Essential Oils to use: Lavender, Cedarwood, Geranium, Lemongrass, Citronella, Eucalyptus and Garlic Oil
***If using essential oils to make your own spray know if they are safe for skin contact and for pets. Some can be harmful. Geranium, Lavender, and Cedarwood are the most powerful repellants and are safe for animals as well as kids. It is best to put a small amount into a roller or spray bottle with a carrier oil like grapeseed oil or jojoba and water. There are MANY recipes online so just look for one that sounds good for you and your family****
***** Though there are ways to prevent them, I will reiterate there is NO trusting prevention and the best way to be sure you haven’t gotten one tagging along is DAILY check of your body head to toe. We do these things, but they aren’t full proof to us. The only thing that is the regular checking. ****
WHAT IF I FIND ONE?
I am not an expert so I will lead you to the CDC because this is what we would follow if one was found. We have only removed them from our dogs when we lived in North Carolina. The biggest thing to know though is you want to remove the head! Improper removal is no good and I would suggest seeing a doctor immediately. You will also want to clean the bite well with antiseptic to lower your chances of any contamination. But please read this article and have proper tools on hand for quick and successful removal. You also will want to keep the tick in a jar or plastic bag till you are sure no symptoms occur. Having it helps your doctor test and figure out what they may be dealing with.
As I noted above it takes roughly 24 hours for a tick to transmit Lyme and other microbes that may be harmful, so focusing on checking thoroughly daily (every 12 hours) will keep your chances of a harmful bite and potential sickness as low as possible. It is important to see a doctor though quickly if a bite is had and you have concerns. Don’t let it go for a long period whatsoever.

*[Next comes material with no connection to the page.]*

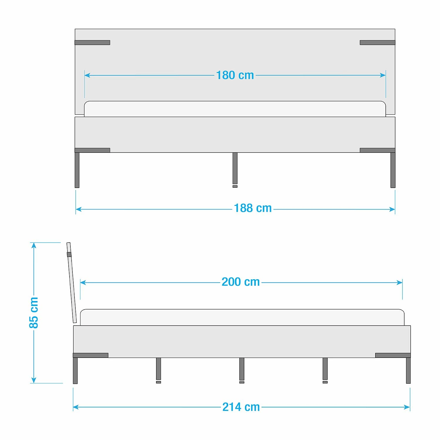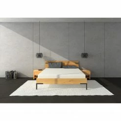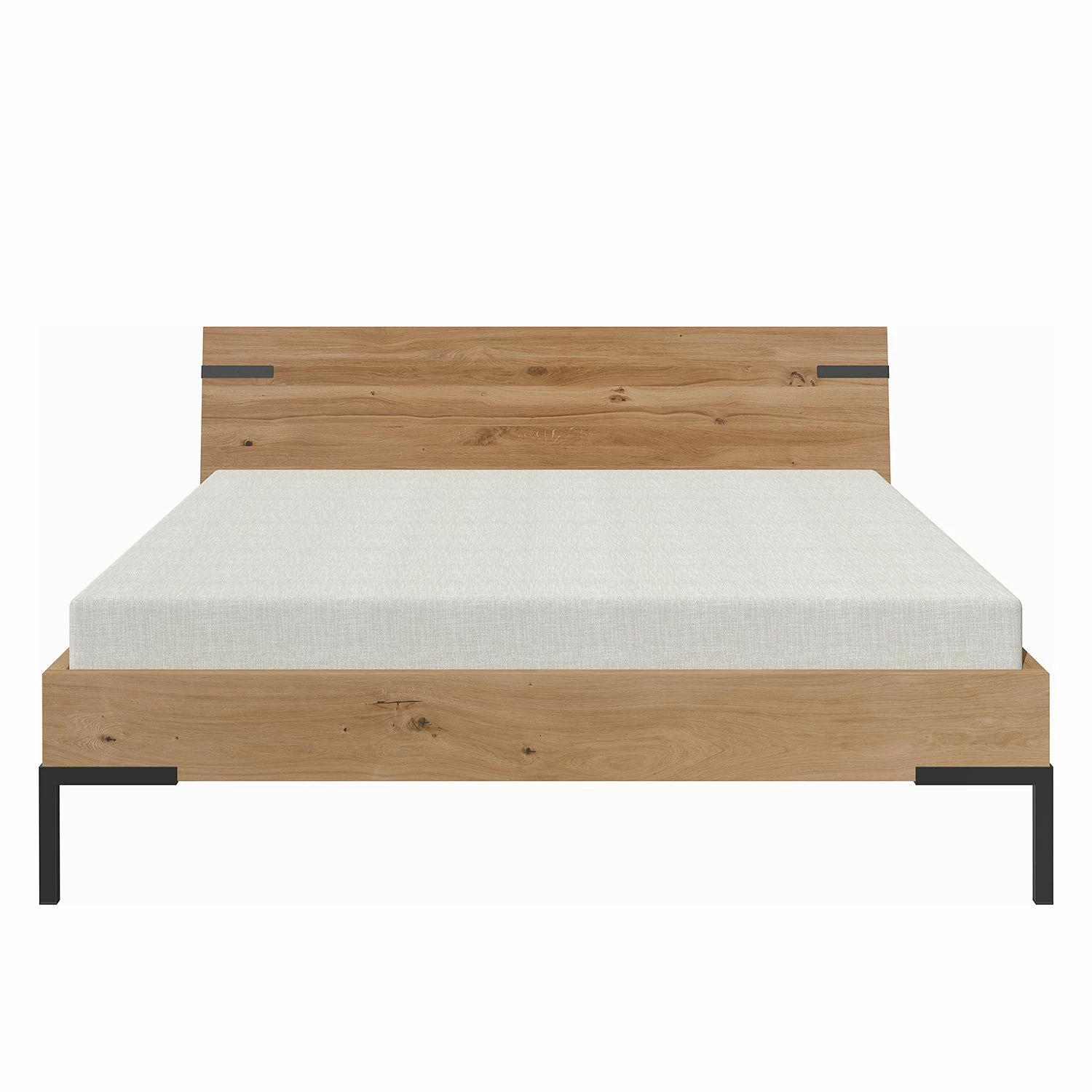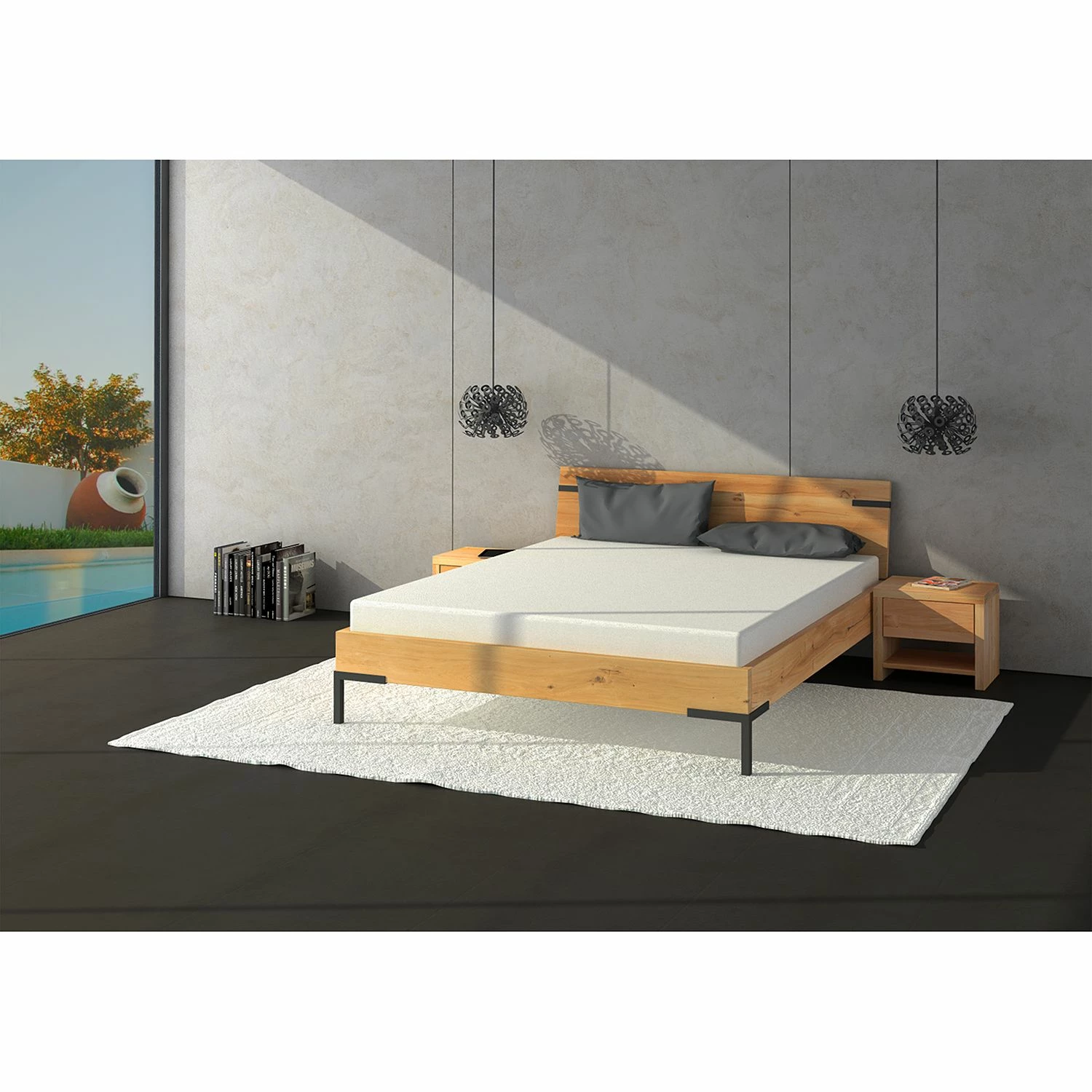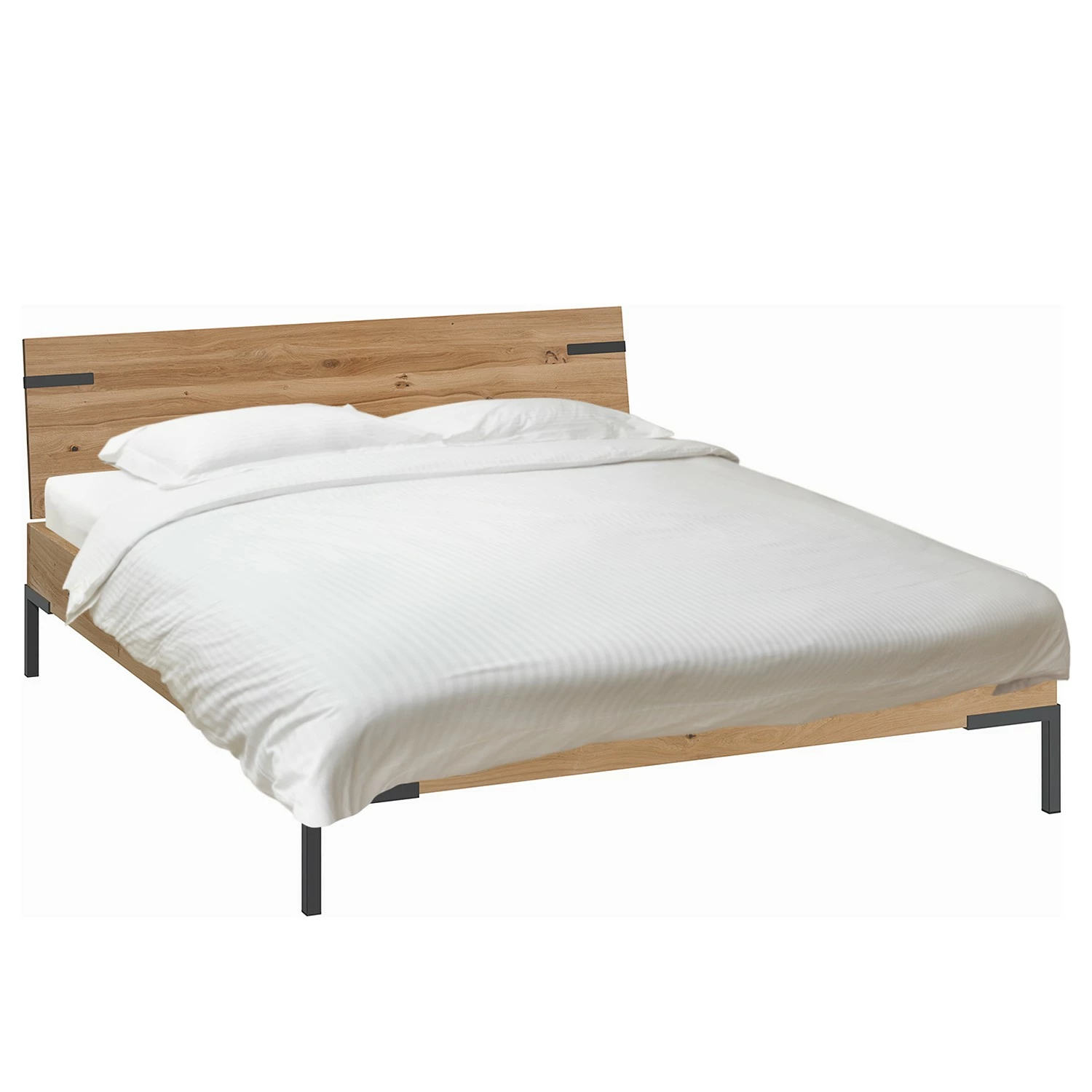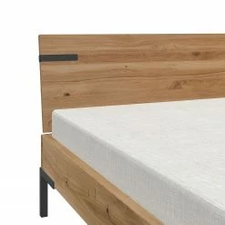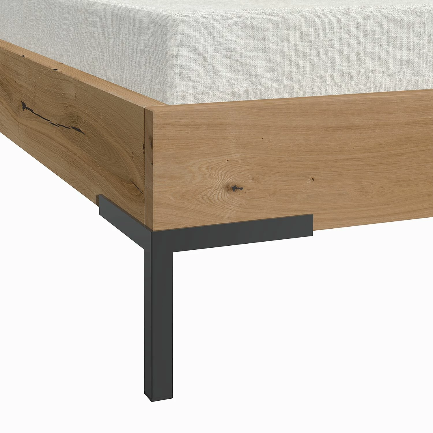 - Kopfteil: Wildeiche massiv, geölt mit Zierwinkel Metall, schwarz

As I said, Tick prevention and keeping you and your family healthy is best done by regular checks. I also felt much better knowing that it takes 24 hours or so for things to transmit and the earlier it is caught the less likely of sickness. Ticks are for sure a danger to warm days and outdoor play, but they don’t have to keep you from having a great time. Just know it is simple with awareness, intention, education, responding quickly, and most of all self care for the whole family.
If you have further questions or things that have worked for your family please share below. All of the above is simply what we do and isn’t meant to be a full proof option, but this has worked for us over the last few years really well. Though I will say our tick population compared to most places is lower so talk with local health professionals and keep up to date with any warnings in public natural areas you visit.